Che tipo di film è per lei?

Per me è una storia d'amore gotica.

The Village non ha avuto un risultato straordinario al box office americano. Come se lo spiega?

Ci ho pensato molto: anche se è andato bene se un mio film non entra nella top ten dei dieci film più visti di tutti i tempi, qualcuno non riesce a farsene una ragione. E' successo con Unbreakable e accade di nuovo oggi. E dire che The Village e Unbreakable sono, tra quelli che ho fatto, i miei film preferiti. Forse sono rimasti delusi dal fatto che in questo caso il soprannaturale non era reale. In America si aspettano da me sempre lo stesso tipo di film. In questo caso, invece, sono convinto che in Europa siate più aperti a vedere film appartenenti a generi differenti.

Parliamo di fantascienza...

Che tipo di film fa Steven Spielberg? Credo che, ironicamente, mi abbia mostrato come il cinema possa essere al tempo stesso arte e divertimento. Lui stesso, poi, ha scelto di fare o l'uno o l'altro. All'inizio, però, della sua carriera è riuscito a fare film che contenessero entrambi gli elementi. E.T., per esempio era un dramma intimista, ma - al tempo stesso - anche un grande film di fantascienza. Il mio sogno è quello di portare avanti una carriera fatta di questo tipo di incontri e contaminazioni.

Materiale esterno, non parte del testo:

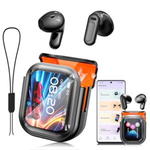 Wuyuzi タッチスクリーン充電ケース付きワイヤレスイヤフォン、リアルタイム翻訳ヘッドフォン、出張用 AI 搭載ーフック、スポーツゲームモードヘッドセット (白)

Lei viene spesso paragonato ad Alfred Hitchcock...

E' vero, ma credo si tratti più che altro di una grande attestazione di stima. Hitchcock era un maestro che ha girato una cinquantina di film di cui tredici o quattordici possono essere considerati dei veri e propri classici. Normalmente un grande regista ha quattro o cinque film che possono essere considerati dei classici. Nel suo caso la quota è davvero straordinaria... Io sono stato influenzato da molti registi, ma il mio cinema resta legato alla suspence. Dovrei riflettere in maniera non più naturale per cambiare il mio atteggiamento registico. Non credo di copiare Hitchcock, anche se evidentemente lo ammiro molto. Del resto il mio amore per il cinema è nato in maniera completamente diversa. Sono nato nel 1970: da quando avevo sette fino ai dodici anni Spielberg e Lucas hanno girato film come Guerre Stellari, I predatori dell'Arca Perduta e E.T. Questo tipo di cinema ha trasformato la mia vita facendomi scegliere la carriera di regista. Stilisticamente, però, le mie influenze sono quelle di Kubrick e Hitchcock. I temi appartengono ai primi due, il tipo di narrazione che scelgo agli altri due.